Other tests I had everything else tested as well including my Coronary Risk Ratio. I’m at 2.1 with the average being 4.9 and twice the average is 9.5. Hell yea! I’m not going to die from a fucking heart attack. Screw that shit! Thyroid is 2.27 on the range of .4- 4.0. Hell yea! Those hemoglobin were trucking along at 155 in the 135-170 range. Way to go little guys! Vitamin B12 was 403 of the 150-750 normal range. Thank you RedBull! And Glucose which indicates Diabetes  improved from 4.7 at Christmas 2014 to 4.3 now. The range is under 5.5 for fasting and diabetic is greater than 6.9. Screw you needles! Mr Vitamin D hasn’t been enjoying my tablets and is only 65 which is borderline in the 50-75 range.

Summary Just because your doctor tells you your healthy when your 30 pounds overweight and not on pills doesn’t mean what you do today doesn’t impact what happens to you in 30 years from now. Obesity is tied to most of the Western chronic diseases. I don’t want that shit so I’m focusing on myself now, when it really matters.
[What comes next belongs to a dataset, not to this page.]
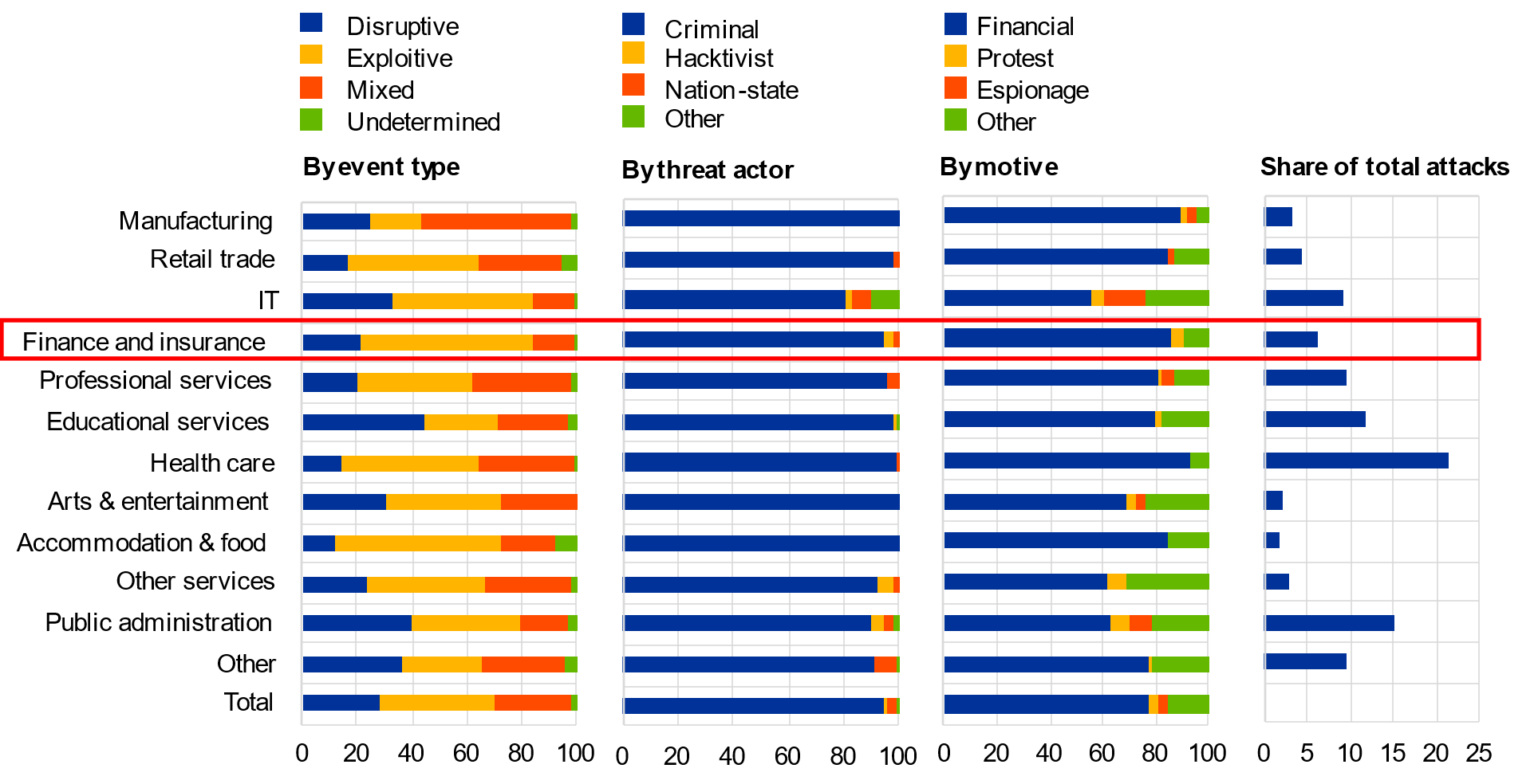 Sources: University of Maryland CISSM Cyber Attacks Database, Aldasoro et al. and ECB calculations.

Tomorrow is too late. Actively paying attention to my health has had a direct influence on me and my wife’s lives. It has lead us to both qualifying for Kona together in the same year and enables us to do absolutely everything we want to do. As we enter this season with the focus of removing processed sugar from our diet from cokes, energy drinks, chocolate, and “healthy foods” like pasta sauce and BBQ sauce, we look forward to continuing on our path of Ironman and living the rest of our lives as healthy as we can be and removing some extra pounds of fat!

Happy Training!

2 responses to “Ironman Nutrition: Status of my Health

  1. Great post mate. I think a vegetarian / vegan based diet is a great choice. Something I’m researching and considering at the moment to improve long term health!


    • Cheers! I do believe it is the optimum food diet for longevity and sport. There are some incredible athletes out there fueling on plants (even body builders!)

      I certainly stand by it as it has definitely allowed Fiona and I to perform at our bests. Read The China Study and Thrive to jumpstart. All the best!